Segment Start: Dataset records

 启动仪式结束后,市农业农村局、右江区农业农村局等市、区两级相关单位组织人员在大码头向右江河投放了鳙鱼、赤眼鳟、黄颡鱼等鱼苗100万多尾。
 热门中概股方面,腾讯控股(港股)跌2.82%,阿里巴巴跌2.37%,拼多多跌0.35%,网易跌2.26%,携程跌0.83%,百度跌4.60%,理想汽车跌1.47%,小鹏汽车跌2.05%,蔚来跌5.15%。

Segment End: Dataset records
Segment Start: Dataset records

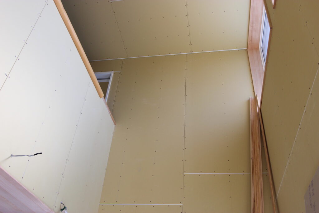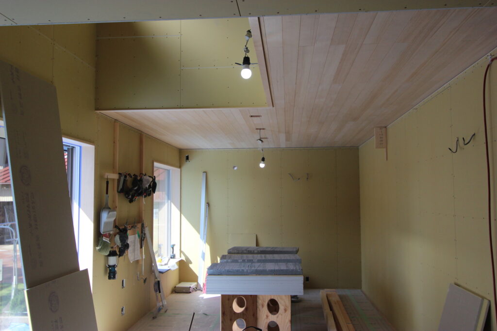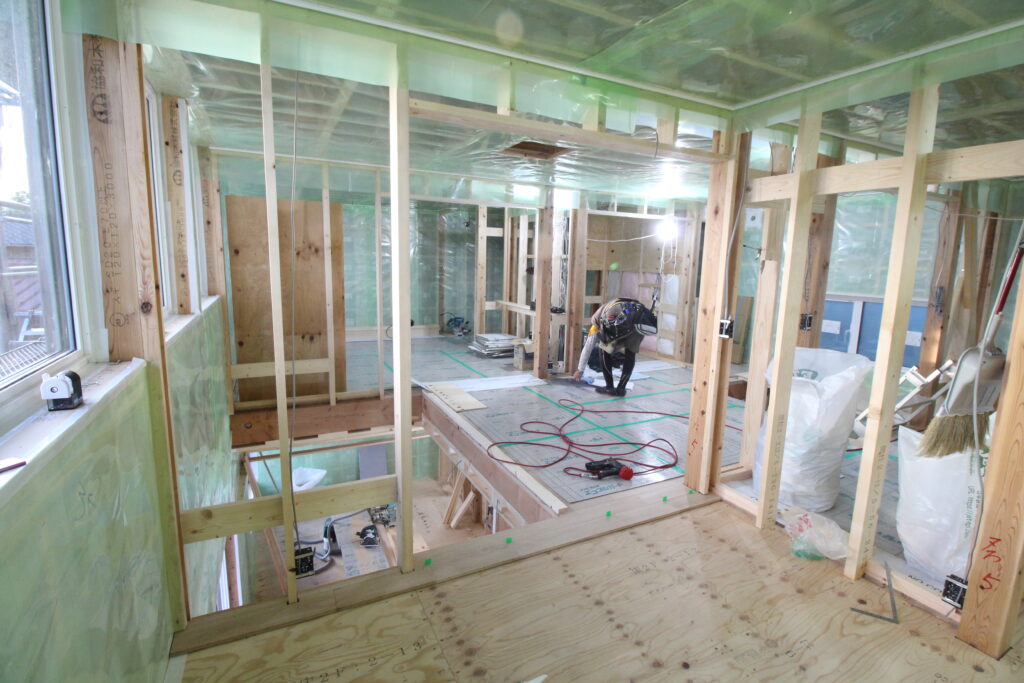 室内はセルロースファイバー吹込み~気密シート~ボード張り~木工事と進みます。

Segment End: Dataset records
Segment Start: Dataset records

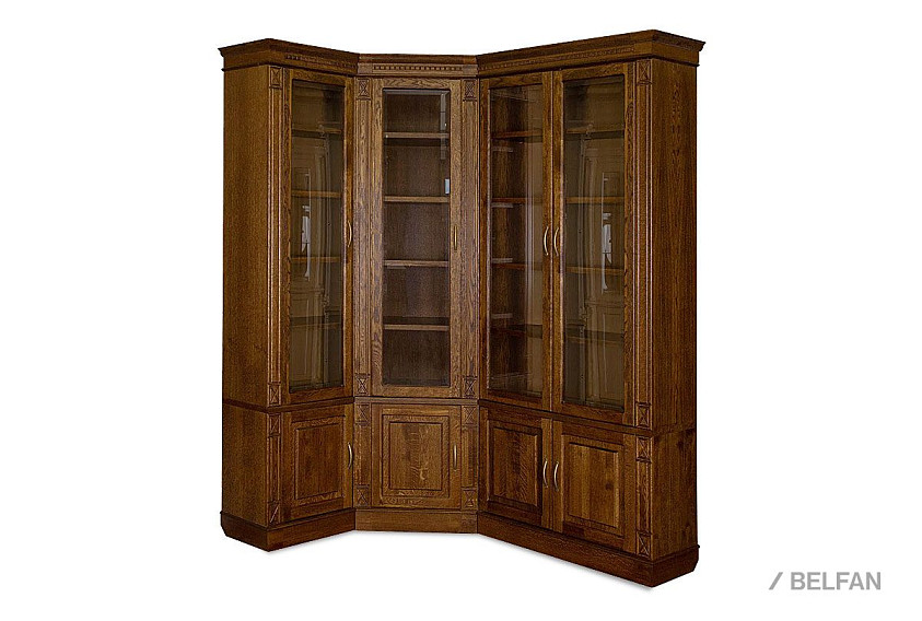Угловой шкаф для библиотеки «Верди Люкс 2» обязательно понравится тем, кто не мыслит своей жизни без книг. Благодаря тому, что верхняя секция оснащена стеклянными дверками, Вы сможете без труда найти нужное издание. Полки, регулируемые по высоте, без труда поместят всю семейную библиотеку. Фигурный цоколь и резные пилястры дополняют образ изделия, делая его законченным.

Segment End: Dataset records

#### Exercise:
Return, word for word, the lines of the data above from the line with "启动仪式结束后,市农业农村局" through the line with "热门中概股方面,腾讯控股(港", inclusive.

#### Output for this exercise:
 启动仪式结束后,市农业农村局、右江区农业农村局等市、区两级相关单位组织人员在大码头向右江河投放了鳙鱼、赤眼鳟、黄颡鱼等鱼苗100万多尾。
 热门中概股方面,腾讯控股(港股)跌2.82%,阿里巴巴跌2.37%,拼多多跌0.35%,网易跌2.26%,携程跌0.83%,百度跌4.60%,理想汽车跌1.47%,小鹏汽车跌2.05%,蔚来跌5.15%。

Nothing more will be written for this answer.